Your instructions:
Restate all of the entries exactly, dropping any pictures they hold.

[Stored items]
· · · · ·
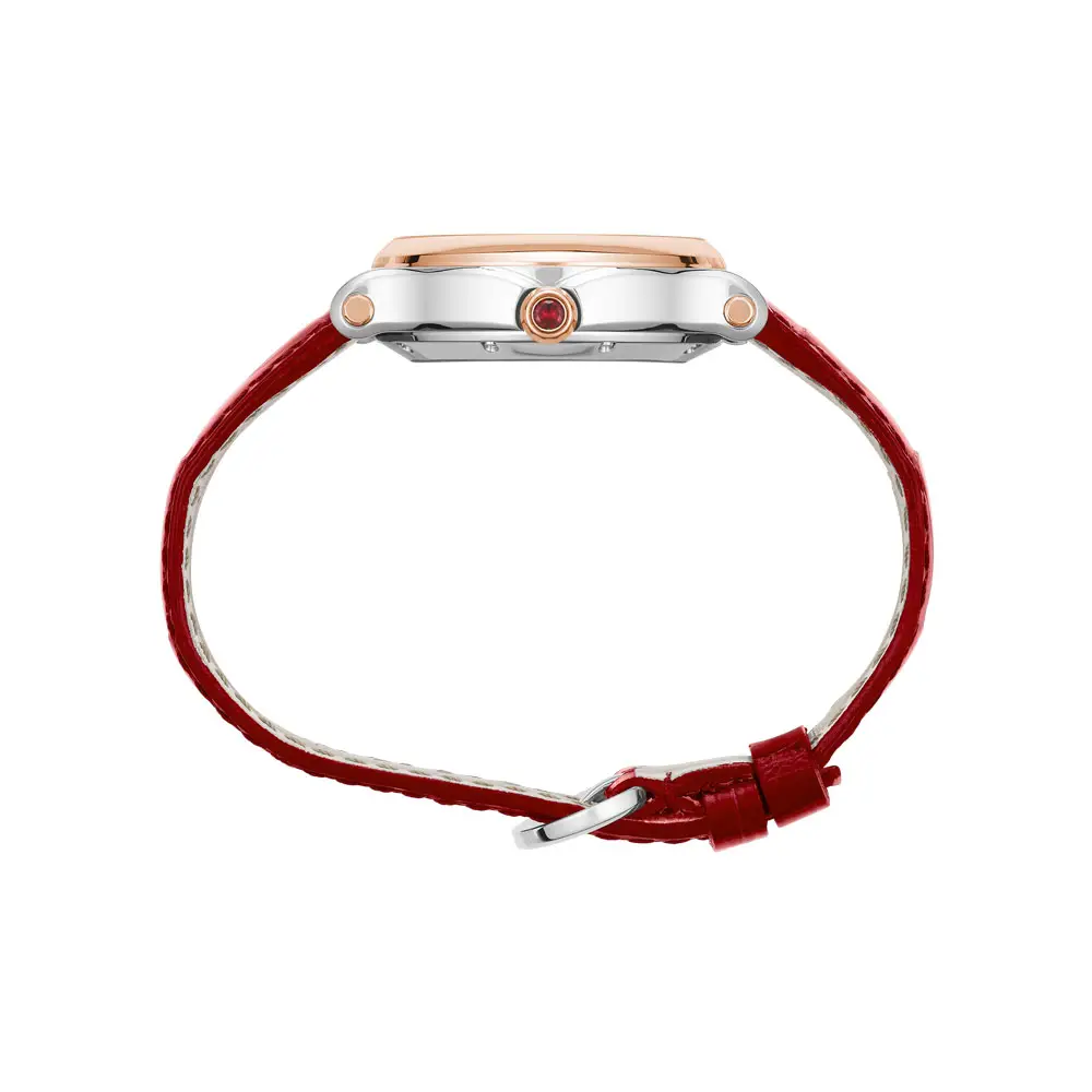 Model Chopard Happy Sport 278602-6006 ztělesňuje ženský půvab v elegantním barevném tónu burgundy. Jeho zaoblené oválné pouzdro o rozměrech 29 x 31 mm, vyrobené z nerezové oceli a 18kt růžového zlata, působí jemně a přitom luxusně. Výrazným prvkem je sytě vínový číselník, kterým volně tančí sedm diamantů – hravý detail, jenž je ikonickou součástí celé kolekce Happy Sport.
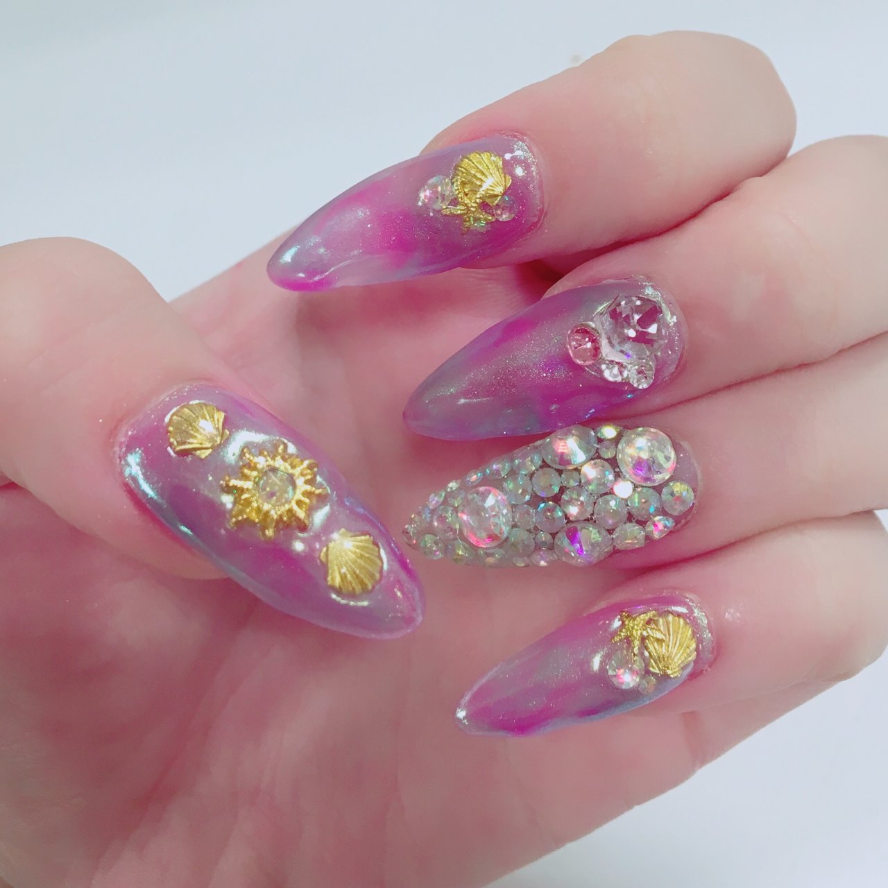 夏 マーブル ロング ピンク パープル ちゃんかな のネイル
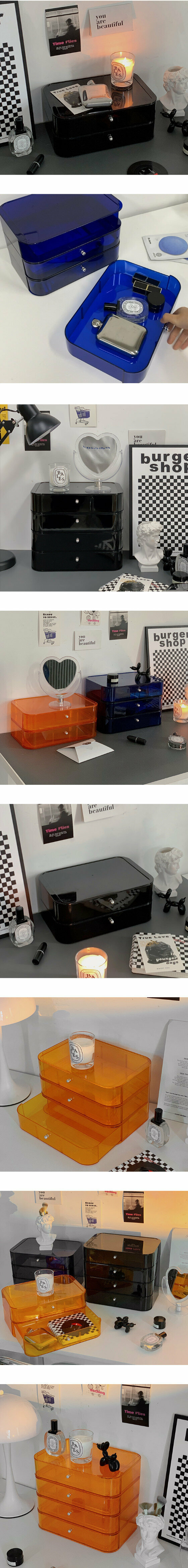 新款桌面抽屜式化妝品收納盒化妝盒化妝箱(透藍四層)
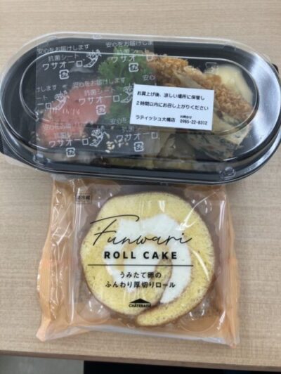 今回はクリスマス会を兼ねてということで、ロールケーキをお届けしました。
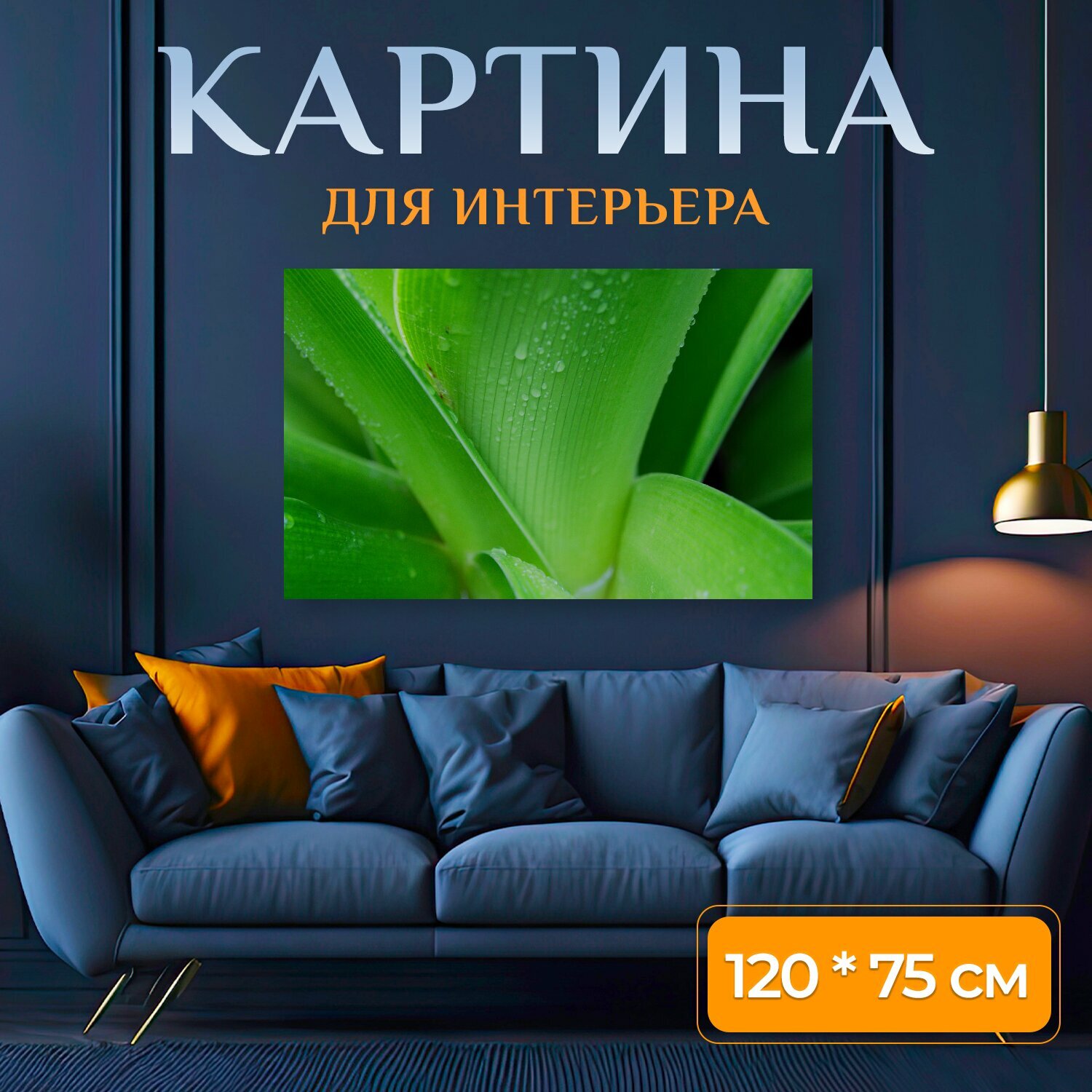 10 цен на Картина на холсте "Листья, зеленый, капля воды" на подрамнике 120х75 см. для интерьера
· · · · ·
Reply to the exercise:
 Model Chopard Happy Sport 278602-6006 ztělesňuje ženský půvab v elegantním barevném tónu burgundy. Jeho zaoblené oválné pouzdro o rozměrech 29 x 31 mm, vyrobené z nerezové oceli a 18kt růžového zlata, působí jemně a přitom luxusně. Výrazným prvkem je sytě vínový číselník, kterým volně tančí sedm diamantů – hravý detail, jenž je ikonickou součástí celé kolekce Happy Sport.
 夏 マーブル ロング ピンク パープル ちゃんかな のネイル
 新款桌面抽屜式化妝品收納盒化妝盒化妝箱(透藍四層)
 今回はクリスマス会を兼ねてということで、ロールケーキをお届けしました。
 10 цен на Картина на холсте "Листья, зеленый, капля воды" на подрамнике 120х75 см. для интерьера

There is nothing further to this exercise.